British mathematician, epidemiologist, and academic

Charlotte Helen Watts (born 1962) is a British mathematician, epidemiologist, and academic. Since 2006, she has been Professor of Social and Mathematical Epidemiology at the London School of Hygiene and Tropical Medicine. She was also the Chief Scientific Advisor to the UK's Department for International Development from 2015 to 2020. Her research interests include HIV and gender-based violence.

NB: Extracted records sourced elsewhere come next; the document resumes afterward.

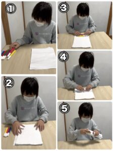 色を覚え、手先を上手に使って巻くことができていました✨巻いたものを手に持ちながら、輪ゴムで留めるのも上手にできていました💮
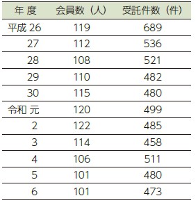 シルバー人材センターは市区町村単位で置かれ、当町においては平成7年に発足。今年7月25日現在で109人(男性:72人・女性:37人)が加入しています。〔図2〕に記載のとおり、昨年度まで会員数はやや減少していたものの、受託件数は新型コロナの流行が収まった令和4年度に再び増加しています。
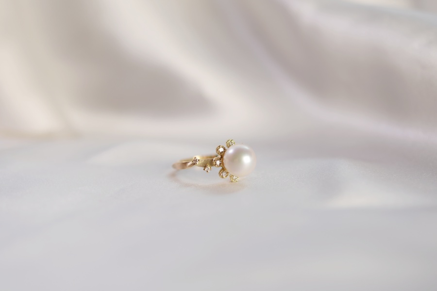 パールのリングは高さが出るため、日常の動作では少し気を遣う場面もあるかもしれません。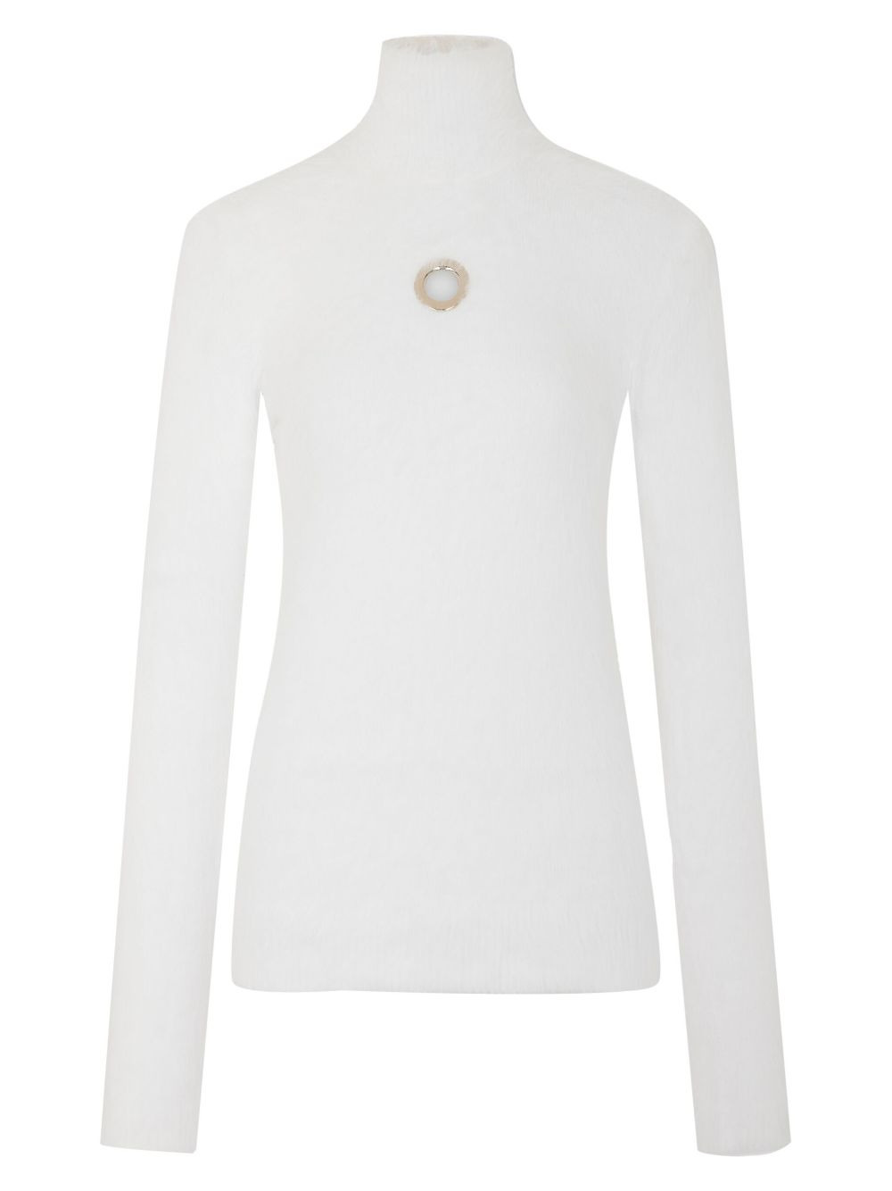 key-detail long-sleeves top Highlights - White - High neck - Key-shaped embellishment - Keyhole detail - Chain detail Made in Italy Composition Polyamide 100%, Fabric 100% Washing instructions Read Manufacturer Guidelines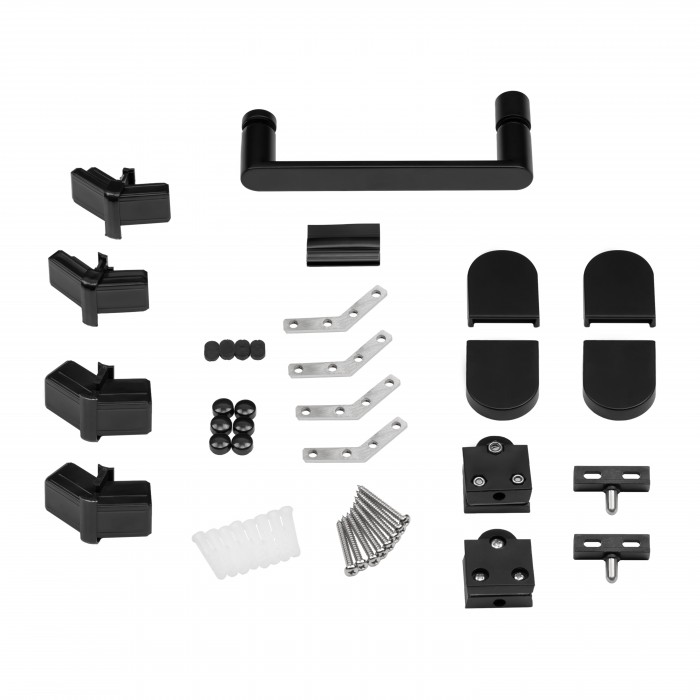 Верхний профиль, нижний профиль, боковые профили, расширительные профили, петли, держатели стекла, комплект крепежей, заглушки, ручка, набор уплотнителей, глухие стекла, стеклянная дверь.
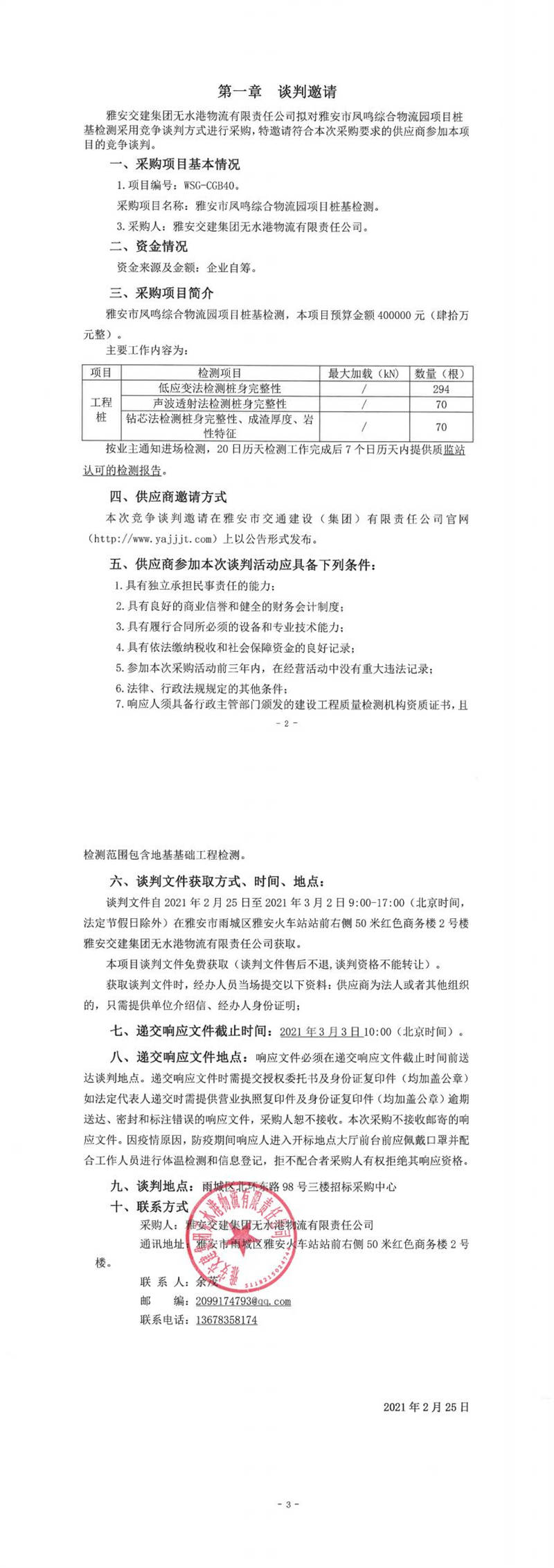 雅安交建集團(tuán)無水港物流有限責(zé)任公司雅安市鳳鳴綜合物流園項(xiàng)目樁基檢測競爭談判公告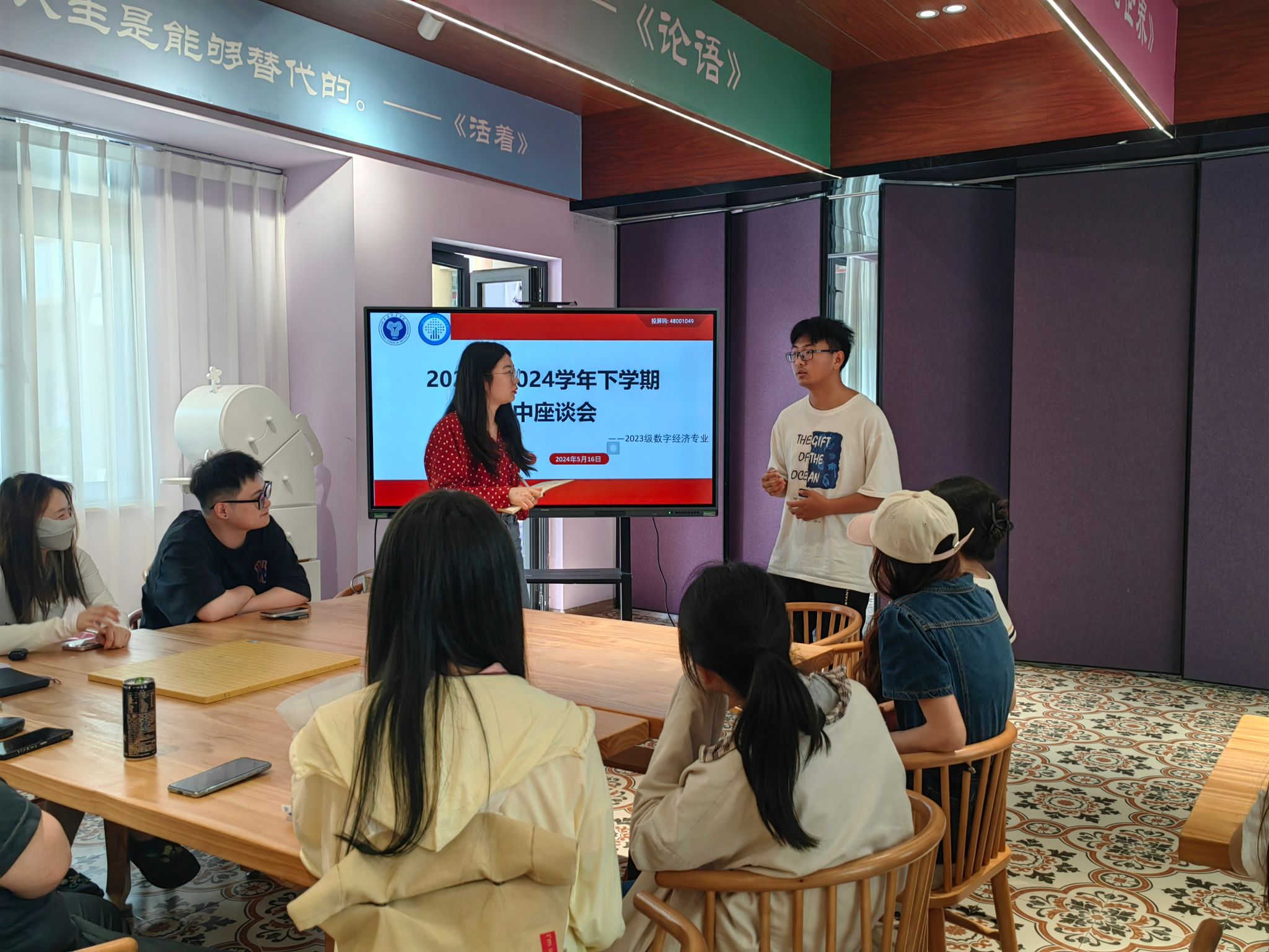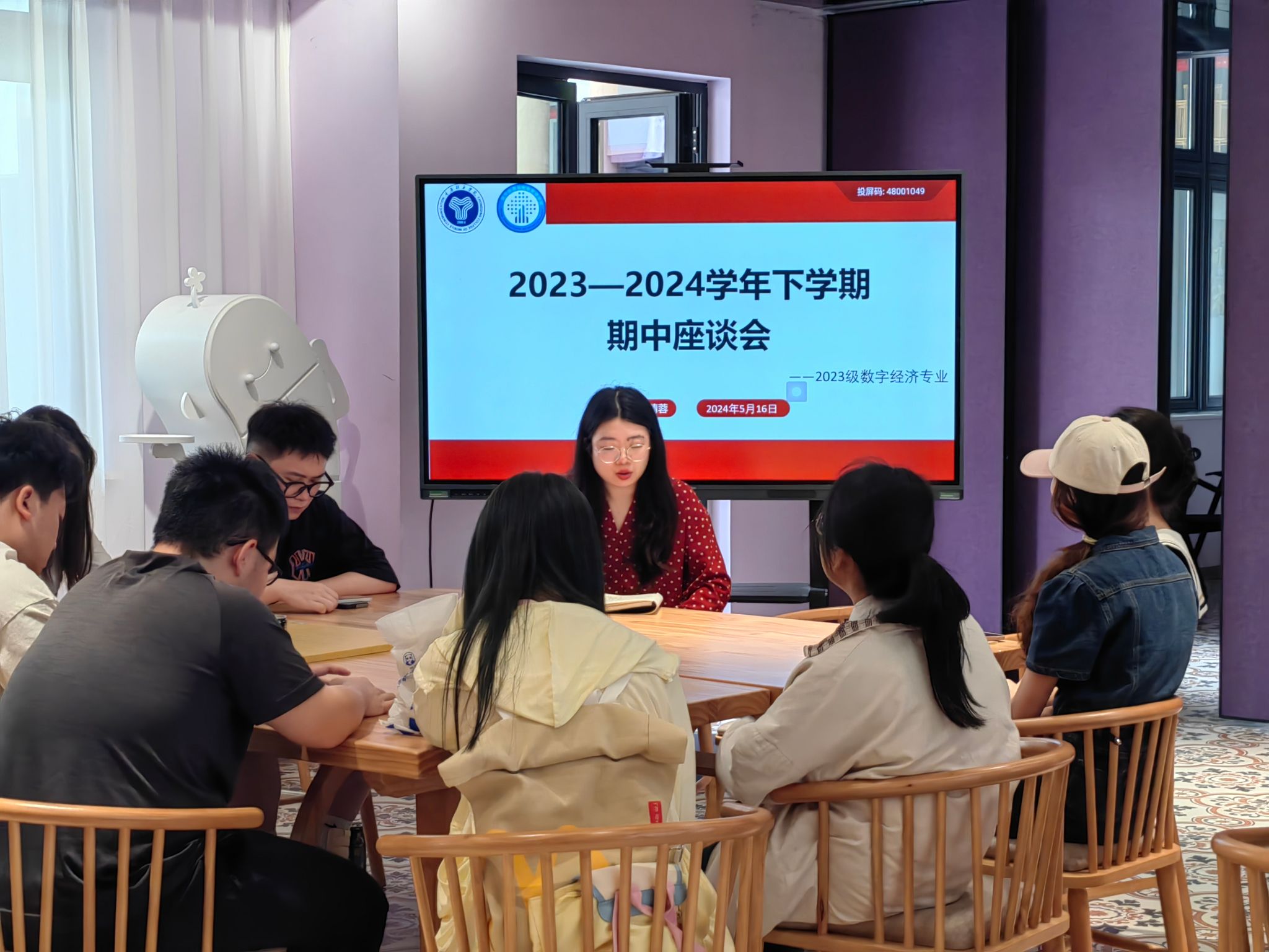 初夏微风拂面来,万物勃勃生机显。为充分了解同学们在学业、生活等方面的需求和困惑,加强班级学风建设,促进各个班级间的交流与学习,充分调动学生干部在班级工作中的积极性和主动性,发挥其管理作用和模范带头作用,助力学生全面成长,营造良好的工作作风和学风。2023级数字经济专业辅导员吴倩蓉老师于5月16日16:00在观云书院·华文书吧开展2023-2024学年第二学期期中座谈会,本次会议由2023级数字经济专业全体学生干部参加。

==Early life and education==
Born in Farnborough, Kent, England in 1962, she was educated at Falmouth School, a state school in Cornwall. She studied mathematics and pure mathematics at university. She graduated from Exeter College, Oxford with a Bachelor of Arts (BA) degree in 1984, and from Marlboro College (in Vermont, US) with a Master of Science (MSc) degree in 1986. She then attended the University of Warwick, graduating with a Doctor of Philosophy (PhD) degree in mathematics in 1990: her doctoral thesis concerned the "stochastic stability of diffeomorphisms".

==Career==
Watts was a Royal Society Postdoctoral Research Fellow at the University of Oxford from 1991 to 1993. She then moved to the London School of Hygiene and Tropical Medicine (LSHTM) as a lecturer in 1994. She was a lecturer at the University of Zimbabwe from 1994 to 1997, before returning to LSHTM. She has been Professor of Social and Mathematical Epidemiology at the London School of Hygiene and Tropical Medicine (LSHTM) since 2006. She was Chief Scientific Advisor to the Department for International Development from 2015 to 2020.

Watts founded the Gender Violence Research Centre at the London School of Hygiene and Tropical Medicine. This team collaborated in 2012 with Liz Kelly and colleagues at the Child and Woman Abuse Studies Unit, London Metropolitan University and Nicole Westmarland and her research team at Durham University's Crime, Violence and Abuse group to assess the impact of community domestic violence perpetrator programmes on women and children's safety, as well as investigating related questions such as which specific factors enable violent men to change their behaviour. The research was supported by Respect, the UK's umbrella organisation for domestic violence perpetrator programmes.

Watts has done field work on gender based violence at the Musasa Project in Zimbabwe. The project is a women's NGO working to address the widespread violence against women in Zimbabwe. Her former doctoral students include Cathy Zimmerman.

===Other activities===
- Coalition for Epidemic Preparedness Innovations (CEPI), Member of the Board
- UK Collaborative on Development Research (UKCDR), Member of the Strategic Coherence of ODA-funded Research

==Personal life==
Watts is married and has two sons.

==Honours and awards==
In 2015, Watts was elected a Fellow of the Academy of Medical Sciences (FMedSci). In the 2019 Queen's Birthday Honours, she was appointed a Companion of the Order of St Michael and St George (CMG) "for services to global health and international development".

==Selected works==
- Watts, Charlotte (2002). "Violence against women: global scope and magnitude"
- García-Moreno, Claudia (2005). "WHO multi-country study on women's health and domestic violence against women: initial results on prevalence, health outcomes and women's responses"
- Pronyk, Paul M (2006). "Effect of a structural intervention for the prevention of intimate-partner violence and HIV in rural South Africa: a cluster randomised trial"
- Abramsky, Tanya (2011). "What factors are associated with recent intimate partner violence? findings from the WHO multi-country study on women's health and domestic violence"
- García-Moreno, Claudia (2013). "Global and regional estimates of violence against women: prevalence and health effects of intimate partner violence and non-partner sexual violence"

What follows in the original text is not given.